To address resource shortages in the
past, the PPB has relied on help from other police departments, both
state and local, to provide additional officers. But many of those
long-standing mutual aid partnerships have ended in acrimony. Last year,
Pat Garrett, the sheriff in neighboring Washington County, ordered deputies not to assist law enforcement in Portland
unless it was directly connected to a case in their county. This
followed a costly civil lawsuit and judgement against two Washington
County tactical officers who injured a north Portland man while
assisting Portland police on a search warrant. Later in the year,
neighboring Clackamas County also issued a directive that deputies would
no longer respond to calls in Portland.
"I will not place you at
unnecessary personal and professional risk," Clackamas County Sheriff
Craig Roberts said in an email to deputies at the time.
The PPB officer tells Newsweek
the city's strong anti-police sentiment has led to a chilling work
environment where officers are unwilling to use force when needed out of
fear that they will have their reputations and career destroyed.
"[Police]
are concerned with how this plays on TV and how it will look to the
public," the PPB officer says. "We have to consider how media will
respond, and lawsuits people file against us for using force. A Portland
jury is not sympathetic to police."
Four protesters injured at an
antifa protest in 2018 are suing the PPB and city for injuries
allegedly resulting from officers' "excessive force." One of them,
represented by the ACLU of Oregon, is seeking $250,000 in damages.
Allegations
of misconduct can halt an officer's career progress for years, even if
the officer is ultimately exonerated. Case in point: PPB Lieutenant Jeff
Niiya, the bureau's former crowd control liaison. For most of 2019, he
was placed under an outside agency's investigation and review after
local media alleged that text exchanges between him and right-wing
protesters showed a "chummy" relationship. The headlines sent shockwaves
throughout the city, and city commissioner Jo Ann Hardesty accused Portland police of "collusion with right-wing extremists"
to the national press. Niiya was removed from his role as crowd control
liaison and assigned to desk duty in another division within the
department. Investigators ultimately ruled all allegations of
unprofessionalism and misconduct unfounded.
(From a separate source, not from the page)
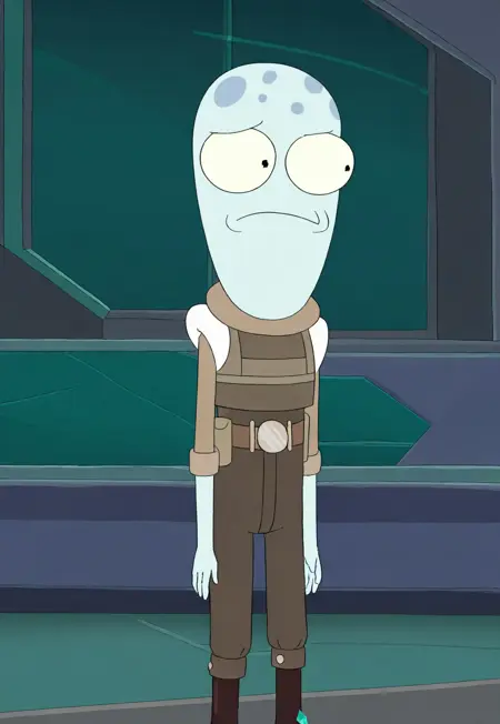 Yumyulack, 1boy, light blue alien, light blue skin, brown jacket, brown pants, brown belt, dark brown boots with green gem,

Michael Strickland, a 39-year-old conservative videographer—he was convicted in 2017 for brandishing a legal handgun in downtown Portland at left-wing protesters who were pursuing him—says passive policing will lead to more violence.
"Eventually
the PPB's 'run-and-hide' policy will get someone killed," Strickland
says. "At some point antifa is going to pick the wrong fight, and the
person they are attacking will not demonstrate the level of discipline
and restraint that I showed." Strickland was found guilty by a judge on
10 counts of unlawful use of a weapon, 10 counts of menacing and one
count of second-degree disorderly conduct. His conviction is currently
being considered by the Oregon Court of Appeals.
This month,
former PPB police chief Outlaw began her role as the police commissioner
of the Philadelphia Police Department. Jami Resch, the former assistant
chief of the investigations branch, was sworn in as the new police
chief of the PPB. Judging by the police actions at the Portland protest
on Feb. 8, the status quo of passive policing will hold.
Says the PPB officer, "Politics in the city is what leads to action or inaction."